◆ What the exercise asks: Go to the line with "在接口列表页面,右上方点击环" in the material below and copy from there through the line with "This mug is", exactly. Pictures are not copied.

--- Data under study Enclosed Below ---

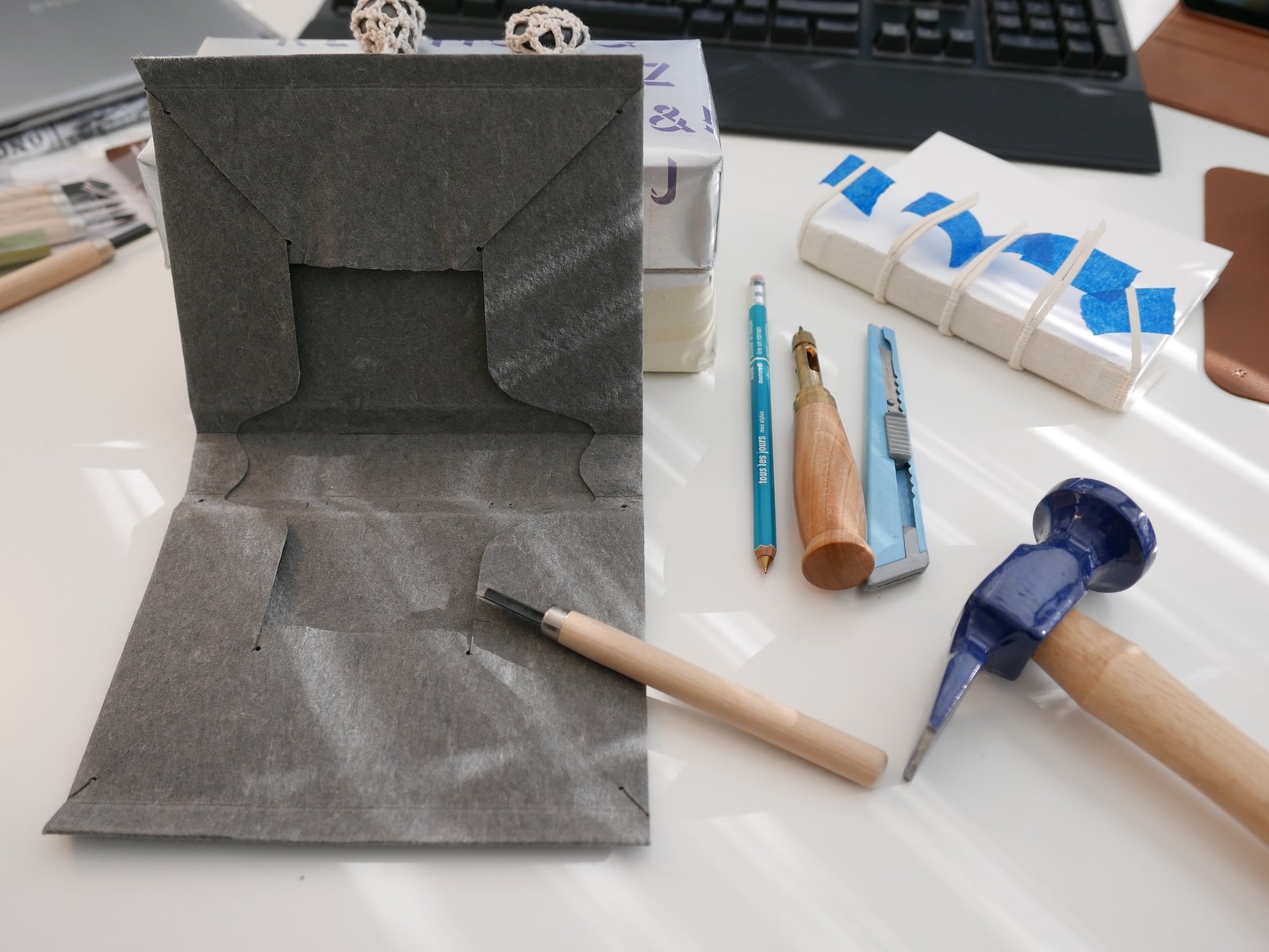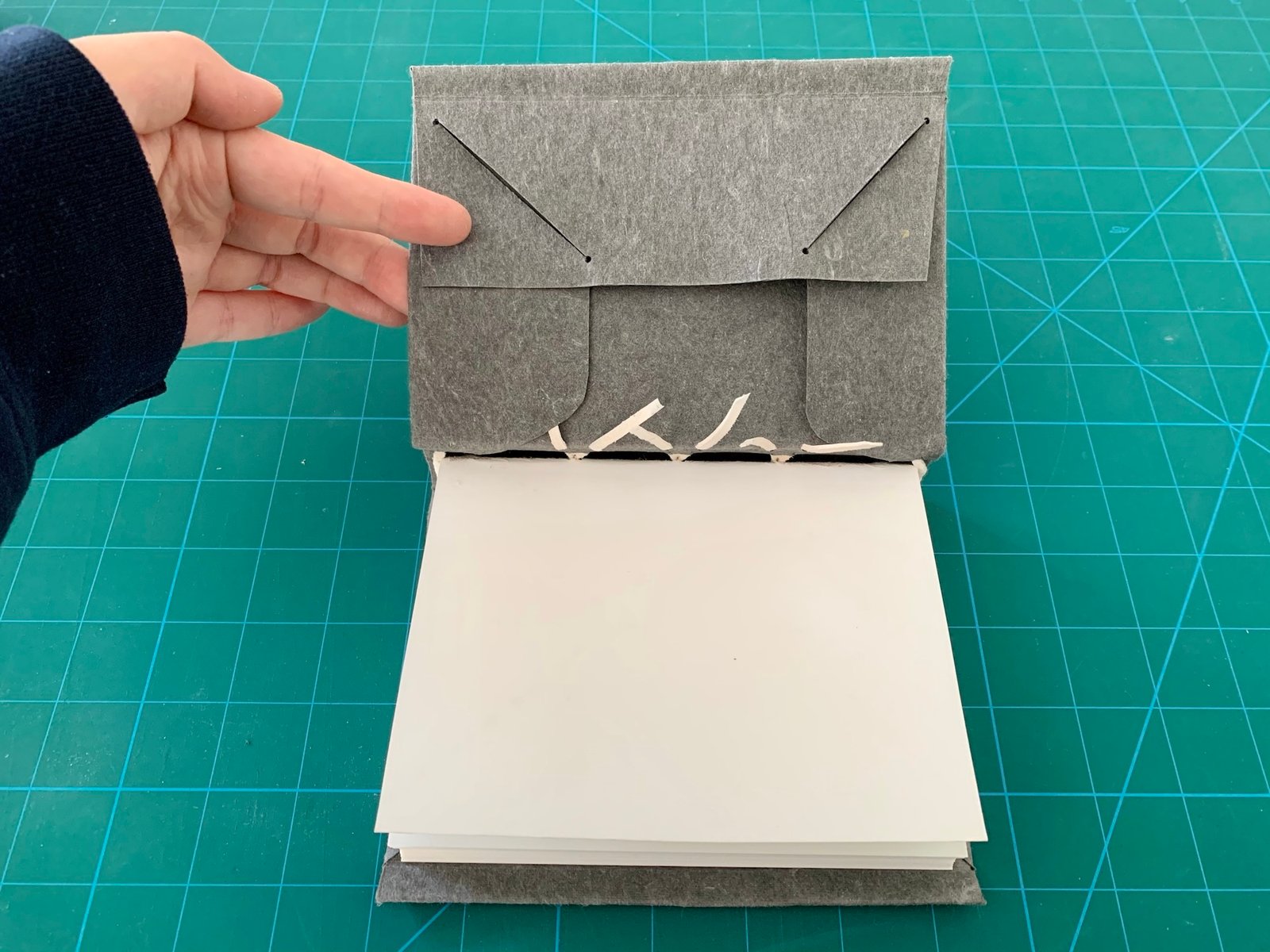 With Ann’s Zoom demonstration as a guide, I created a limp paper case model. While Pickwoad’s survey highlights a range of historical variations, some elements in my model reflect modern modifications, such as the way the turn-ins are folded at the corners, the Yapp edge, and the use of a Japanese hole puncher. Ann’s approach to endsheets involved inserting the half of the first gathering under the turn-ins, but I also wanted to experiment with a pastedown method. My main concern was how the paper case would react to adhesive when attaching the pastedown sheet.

--- End of Enclosed Data under study ---
--- Data under study Enclosed Below ---

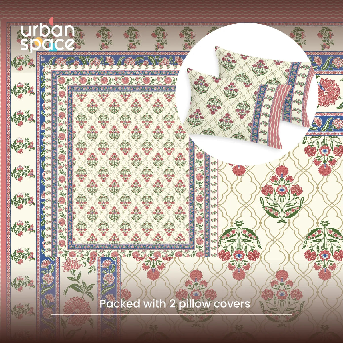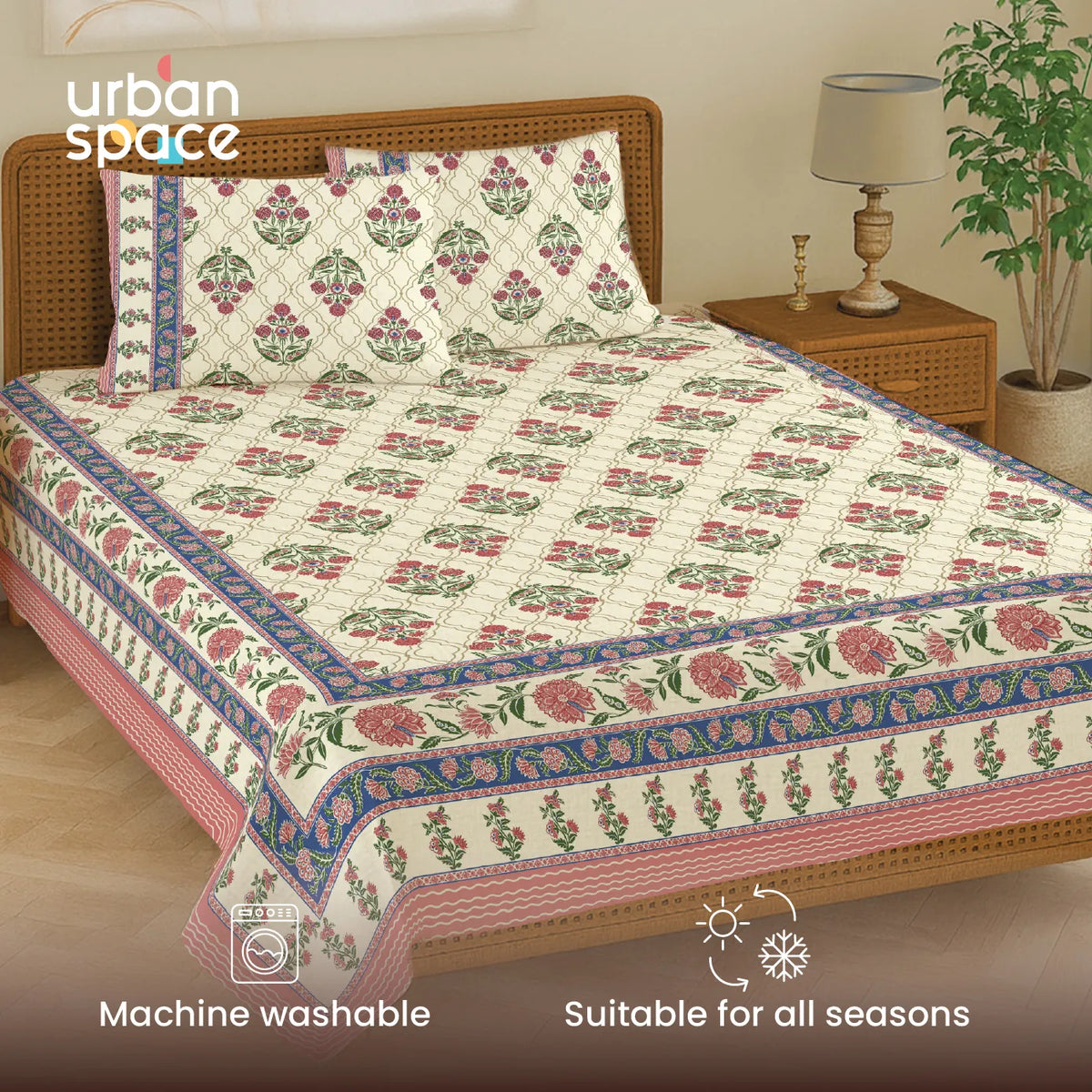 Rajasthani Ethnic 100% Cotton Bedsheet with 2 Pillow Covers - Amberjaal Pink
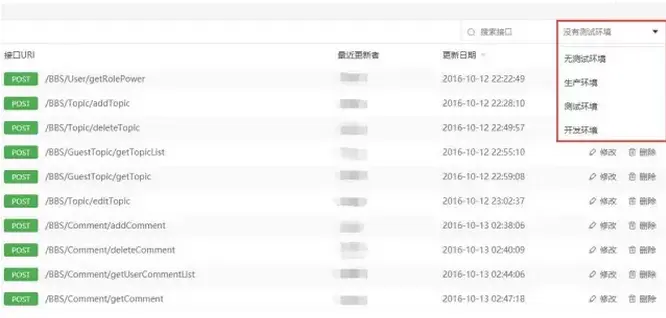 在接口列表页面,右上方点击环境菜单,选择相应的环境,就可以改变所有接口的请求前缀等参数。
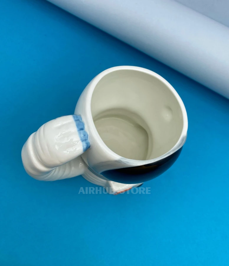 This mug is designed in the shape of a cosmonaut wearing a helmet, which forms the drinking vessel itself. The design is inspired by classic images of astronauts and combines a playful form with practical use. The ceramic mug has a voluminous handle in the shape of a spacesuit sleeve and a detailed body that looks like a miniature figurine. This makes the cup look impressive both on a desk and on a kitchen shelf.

--- End of Enclosed Data under study ---
--- Data under study Enclosed Below ---

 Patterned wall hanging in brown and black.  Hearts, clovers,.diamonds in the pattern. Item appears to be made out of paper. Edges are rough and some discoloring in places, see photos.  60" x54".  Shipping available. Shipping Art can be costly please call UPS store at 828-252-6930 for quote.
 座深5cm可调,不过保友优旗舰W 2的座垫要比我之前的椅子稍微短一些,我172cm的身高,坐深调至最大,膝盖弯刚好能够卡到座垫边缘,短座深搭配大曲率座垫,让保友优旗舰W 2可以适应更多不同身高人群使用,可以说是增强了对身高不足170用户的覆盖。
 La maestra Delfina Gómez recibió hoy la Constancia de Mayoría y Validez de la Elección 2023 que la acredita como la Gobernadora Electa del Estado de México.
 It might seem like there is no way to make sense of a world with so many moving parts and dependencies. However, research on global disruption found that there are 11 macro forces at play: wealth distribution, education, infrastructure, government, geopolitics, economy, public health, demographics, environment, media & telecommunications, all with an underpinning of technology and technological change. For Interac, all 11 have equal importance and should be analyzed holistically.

--- End of Enclosed Data under study ---

◆ Written reply:
 在接口列表页面,右上方点击环境菜单,选择相应的环境,就可以改变所有接口的请求前缀等参数。
 This mug is designed in the shape of a cosmonaut wearing a helmet, which forms the drinking vessel itself. The design is inspired by classic images of astronauts and combines a playful form with practical use. The ceramic mug has a voluminous handle in the shape of a spacesuit sleeve and a detailed body that looks like a miniature figurine. This makes the cup look impressive both on a desk and on a kitchen shelf.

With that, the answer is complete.